_EXERCISE GOAL_
Restate, exactly as written, the entries below from the line that holds "學(xué)生在經(jīng" through the line that holds "Tibetští mniši s". Pictures are not part of the copy.

(Saved entries)
□ □ □ □ □

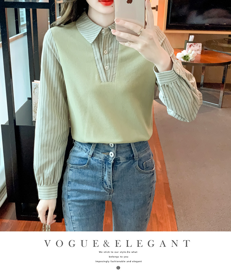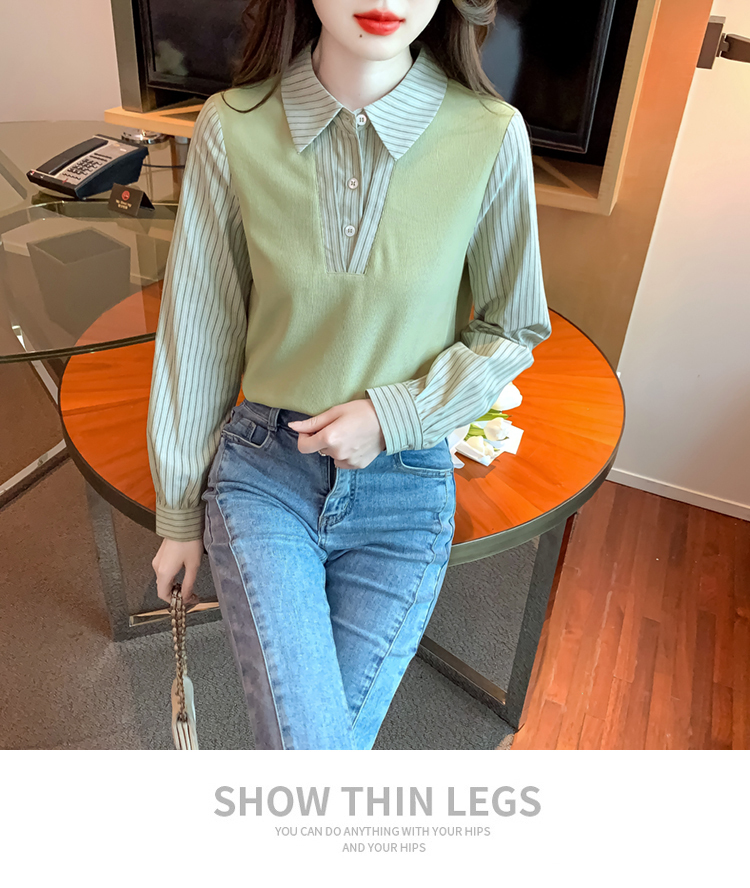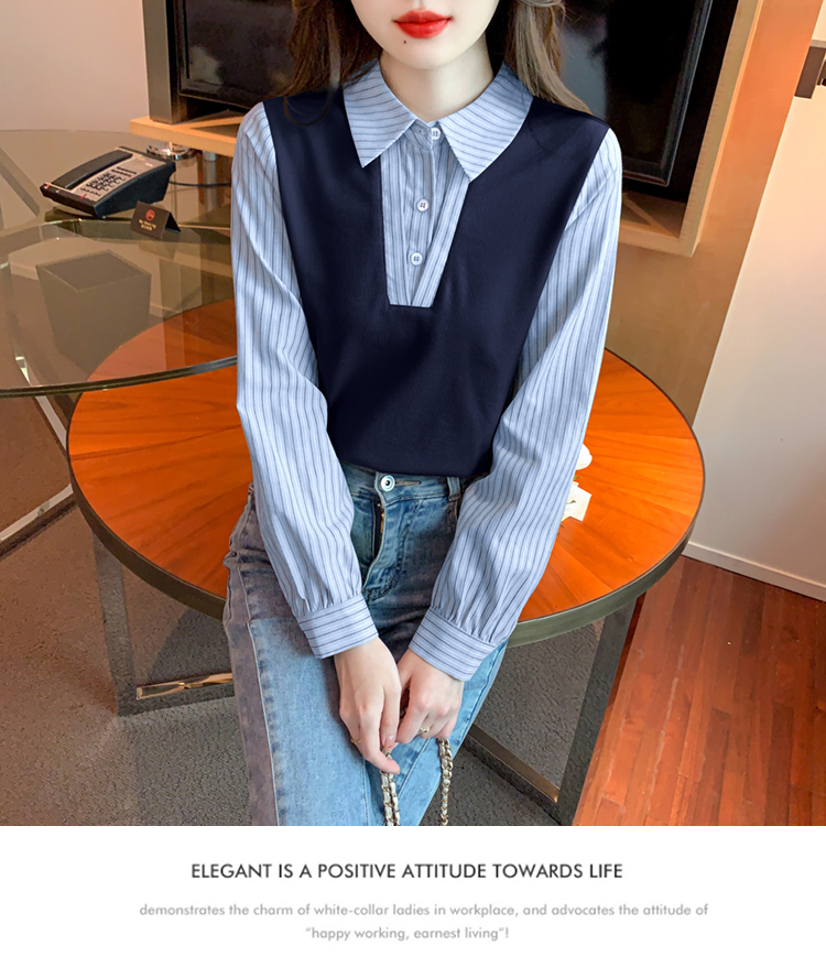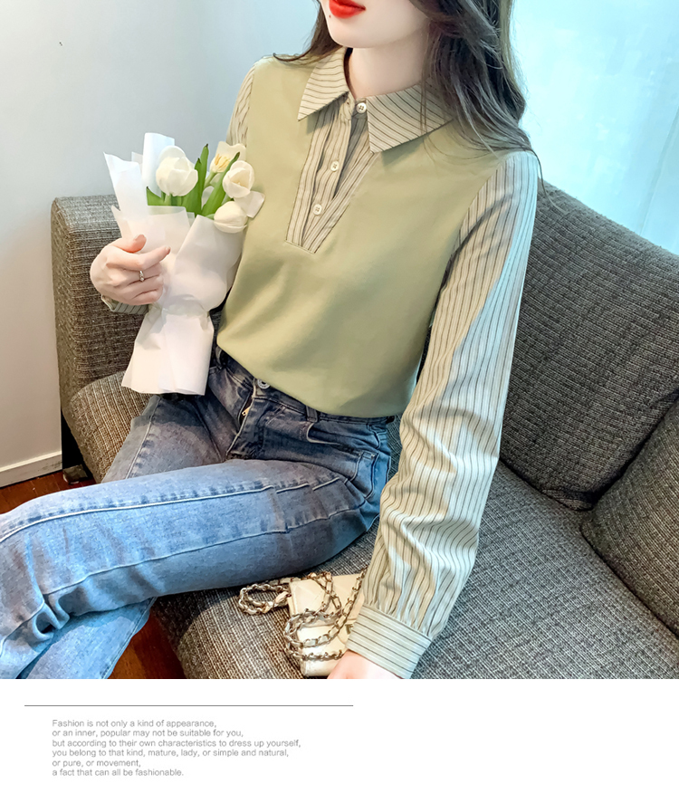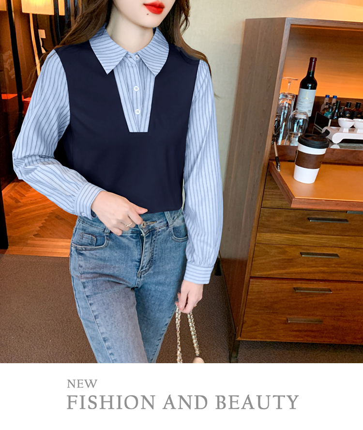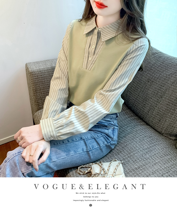 限量特惠|個性舒適拼接條紋假兩件式翻領上衣-2色(09H4551)
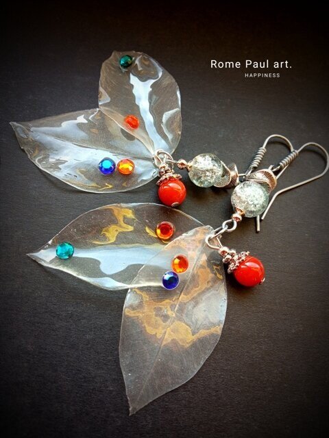 МАТЕРИАЛЫ: натуральный сердолик, богемское стекло-кракле, листочки из многослойного полимера с проклейкой стразами, посеребрённая фурнитура, швензы - ювелирная сталь
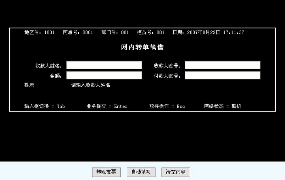學(xué)生在經(jīng)過基礎(chǔ)的實務(wù)課程學(xué)習(xí)后,將被置于一個完全仿真的現(xiàn)代商業(yè)銀行的工作環(huán)境中,面對銀行每日的工作開始進(jìn)行模擬實操。學(xué)生們將會面對虛擬的客戶提出的各種要求來進(jìn)行相應(yīng)的處理。對于學(xué)生來講,實操過程中的所有操作都是自由的,他們需要通過完全自主的思考來判斷下一步的操作。譬如客戶提出的支票轉(zhuǎn)帳請求是否受理?如果不受理理由是什么?(譬如涉及支票的鑒別、簽章的鑒別等)接受以后如何操作?同時模擬系統(tǒng)根據(jù)內(nèi)置的業(yè)務(wù)邏輯自動判斷學(xué)生操作的正確性,對其業(yè)務(wù)能力進(jìn)行實時的評價和記錄,并且將結(jié)果及時反饋給學(xué)生。通過每一步操作的自主思考和系統(tǒng)不斷的提示加強(qiáng)學(xué)生對于業(yè)務(wù)處理的理解,幫助其提高業(yè)務(wù)操作的熟練程度,并且培養(yǎng)其判斷分析能力。實操訓(xùn)練的內(nèi)容完全參照日常銀行業(yè)務(wù)操作所涉及的范圍,同時也可以根據(jù)實驗課程主題的要求進(jìn)行具體的靈活配置。
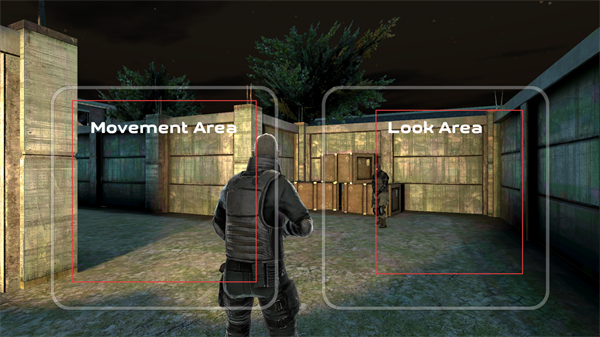 2、在Movement Area区域操控角色移动,同时通过Look Area观察周围环境,留意敌人动向。
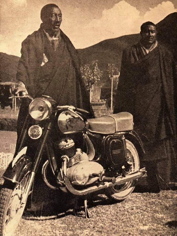 Tibetští mniši s československým motocyklem Jawa 250
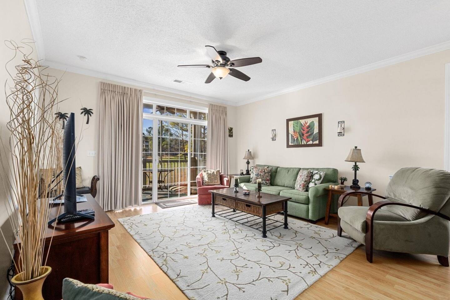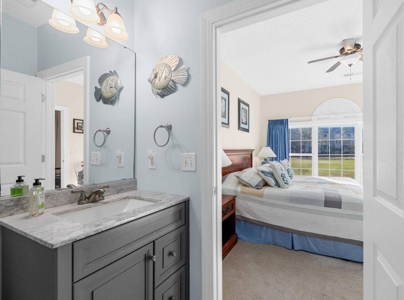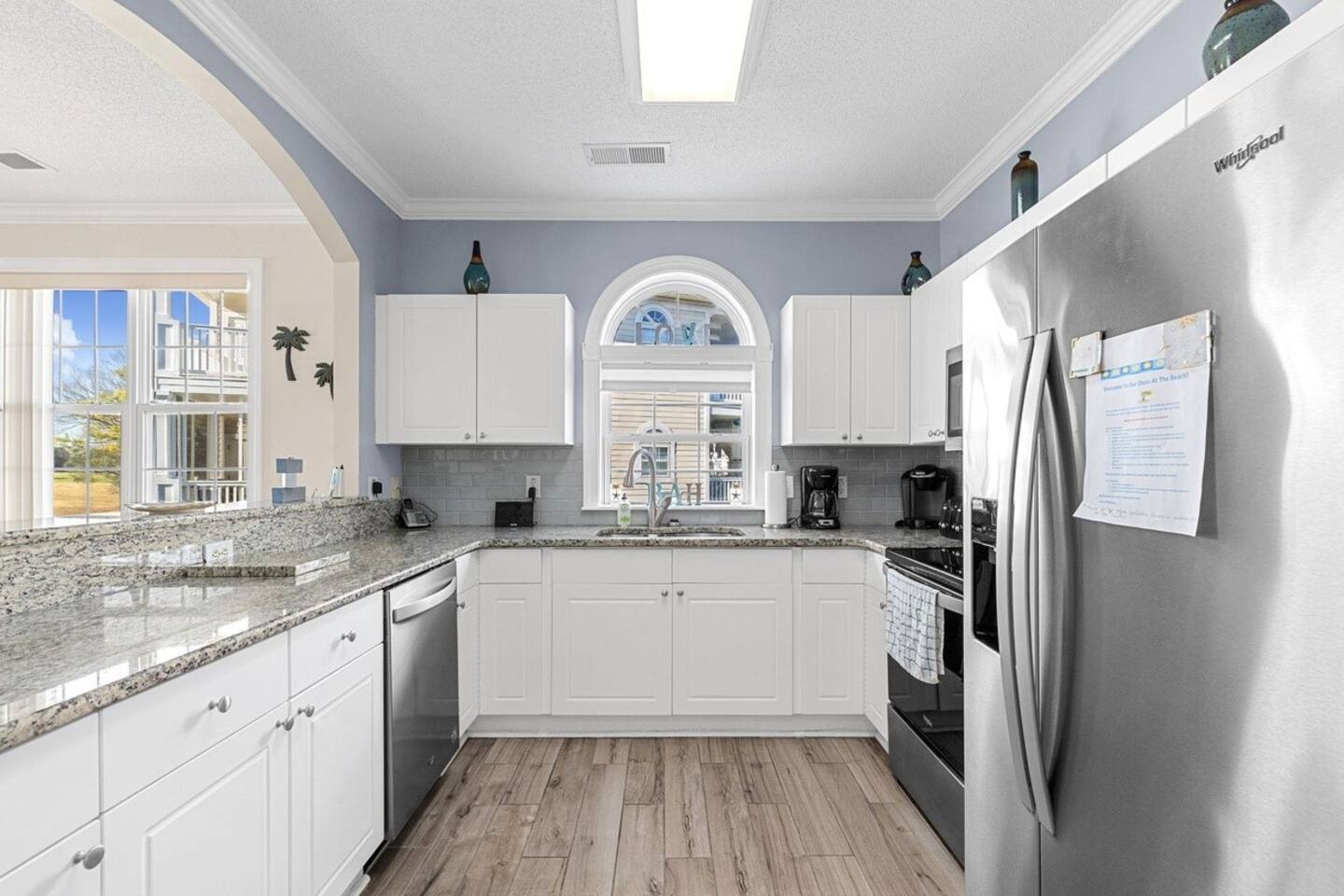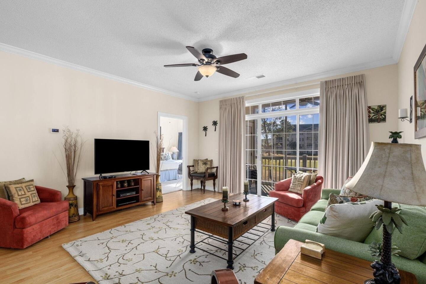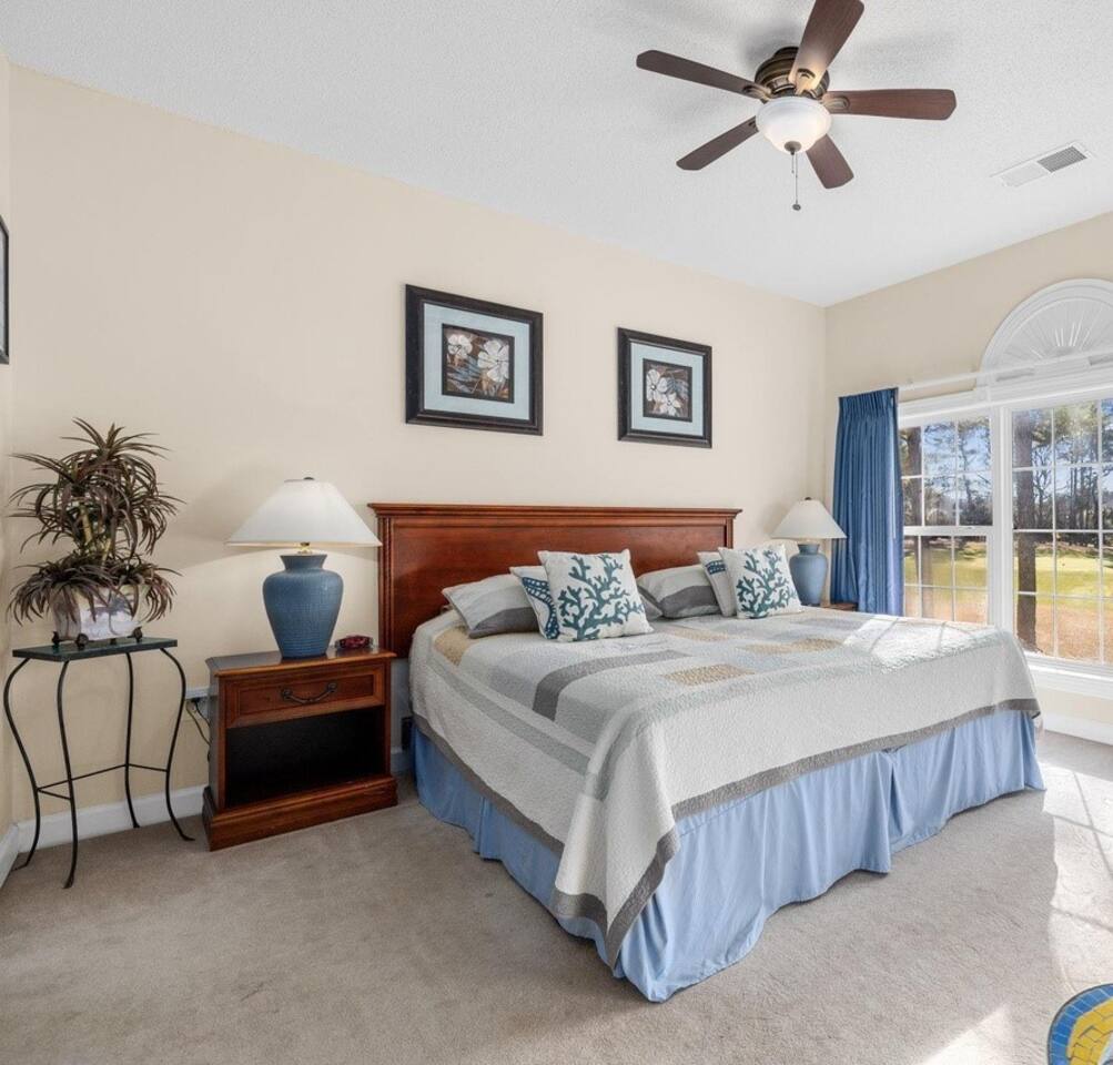 Wonderful 2 bedroom 2 bath, end unit condo in Wedgewood at Barefoot Resort! This condo is loaded with updates and offers some fantastic views of the 15th green of the Norman course. The kitchen has wood grain tile floor, Whirlpool stainless steel appliances, and granite. Both bathrooms have been fully updated featuring fully tiled showers, updated vanities with granite, and wood grain tiled floors. King bed in the primary and twins in the secondary bdrms. A pull out sofa bed is also available.

□ □ □ □ □

_OUTPUT_
學(xué)生在經(jīng)過基礎(chǔ)的實務(wù)課程學(xué)習(xí)后,將被置于一個完全仿真的現(xiàn)代商業(yè)銀行的工作環(huán)境中,面對銀行每日的工作開始進(jìn)行模擬實操。學(xué)生們將會面對虛擬的客戶提出的各種要求來進(jìn)行相應(yīng)的處理。對于學(xué)生來講,實操過程中的所有操作都是自由的,他們需要通過完全自主的思考來判斷下一步的操作。譬如客戶提出的支票轉(zhuǎn)帳請求是否受理?如果不受理理由是什么?(譬如涉及支票的鑒別、簽章的鑒別等)接受以后如何操作?同時模擬系統(tǒng)根據(jù)內(nèi)置的業(yè)務(wù)邏輯自動判斷學(xué)生操作的正確性,對其業(yè)務(wù)能力進(jìn)行實時的評價和記錄,并且將結(jié)果及時反饋給學(xué)生。通過每一步操作的自主思考和系統(tǒng)不斷的提示加強(qiáng)學(xué)生對于業(yè)務(wù)處理的理解,幫助其提高業(yè)務(wù)操作的熟練程度,并且培養(yǎng)其判斷分析能力。實操訓(xùn)練的內(nèi)容完全參照日常銀行業(yè)務(wù)操作所涉及的范圍,同時也可以根據(jù)實驗課程主題的要求進(jìn)行具體的靈活配置。
 2、在Movement Area区域操控角色移动,同时通过Look Area观察周围环境,留意敌人动向。
 Tibetští mniši s československým motocyklem Jawa 250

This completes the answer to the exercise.